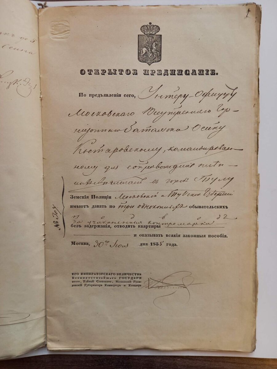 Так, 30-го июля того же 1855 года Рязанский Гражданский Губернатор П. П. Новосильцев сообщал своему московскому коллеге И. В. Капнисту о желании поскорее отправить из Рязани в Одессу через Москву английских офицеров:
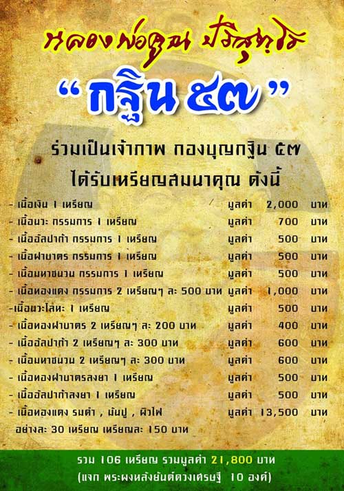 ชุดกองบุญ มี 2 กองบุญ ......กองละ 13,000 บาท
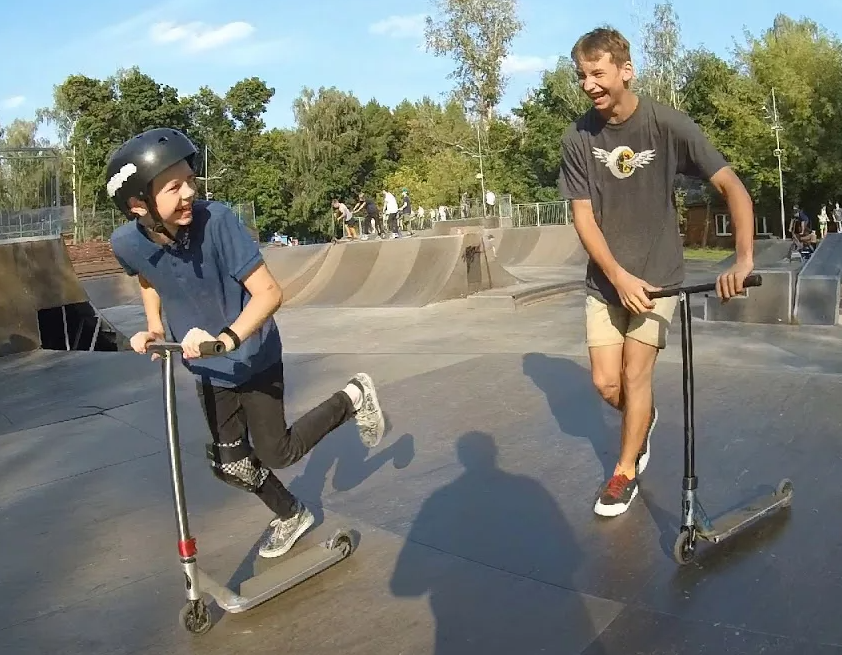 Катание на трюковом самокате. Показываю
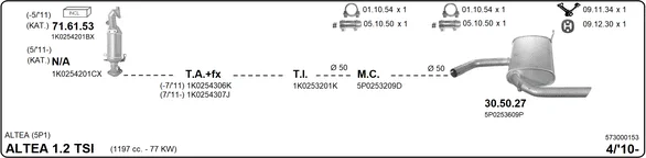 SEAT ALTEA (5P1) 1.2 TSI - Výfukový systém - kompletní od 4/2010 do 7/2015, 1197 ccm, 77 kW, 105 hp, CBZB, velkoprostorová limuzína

┄┄┄┄┄┄┄┄┄┄┄┄┄┄┄┄┄┄┄┄

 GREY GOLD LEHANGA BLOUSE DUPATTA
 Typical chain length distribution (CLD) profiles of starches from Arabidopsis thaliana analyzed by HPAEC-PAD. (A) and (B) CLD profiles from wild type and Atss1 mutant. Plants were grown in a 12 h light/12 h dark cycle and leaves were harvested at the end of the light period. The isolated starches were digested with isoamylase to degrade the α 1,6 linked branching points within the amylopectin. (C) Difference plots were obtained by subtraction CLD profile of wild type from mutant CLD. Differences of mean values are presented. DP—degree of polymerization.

┄┄┄┄┄┄┄┄┄┄┄┄┄┄┄┄┄┄┄┄

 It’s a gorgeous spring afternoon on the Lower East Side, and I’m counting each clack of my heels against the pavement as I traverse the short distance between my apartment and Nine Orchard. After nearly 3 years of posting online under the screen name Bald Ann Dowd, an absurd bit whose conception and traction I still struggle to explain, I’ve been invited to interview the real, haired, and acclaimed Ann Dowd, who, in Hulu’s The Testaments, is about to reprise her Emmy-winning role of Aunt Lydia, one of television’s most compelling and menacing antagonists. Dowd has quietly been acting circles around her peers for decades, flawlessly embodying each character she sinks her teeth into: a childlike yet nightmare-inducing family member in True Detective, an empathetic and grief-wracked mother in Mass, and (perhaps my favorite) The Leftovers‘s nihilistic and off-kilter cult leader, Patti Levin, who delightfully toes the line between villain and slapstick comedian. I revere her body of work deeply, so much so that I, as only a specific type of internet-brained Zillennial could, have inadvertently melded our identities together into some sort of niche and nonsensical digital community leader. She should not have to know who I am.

┄┄┄┄┄┄┄┄┄┄┄┄┄┄┄┄┄┄┄┄

- WHAT THE TASK REQUIRES -
From the material above, output only the span of lines that starts at the one containing "ชุดกองบุญ มี 2 กองบุญ ......กองละ 13,000 บาท" and finishes at the one containing "SEAT ALTEA (5P1)", word for word and free of pictures.

- YOUR RESPONSE -
 ชุดกองบุญ มี 2 กองบุญ ......กองละ 13,000 บาท
 Катание на трюковом самокате. Показываю
 SEAT ALTEA (5P1) 1.2 TSI - Výfukový systém - kompletní od 4/2010 do 7/2015, 1197 ccm, 77 kW, 105 hp, CBZB, velkoprostorová limuzína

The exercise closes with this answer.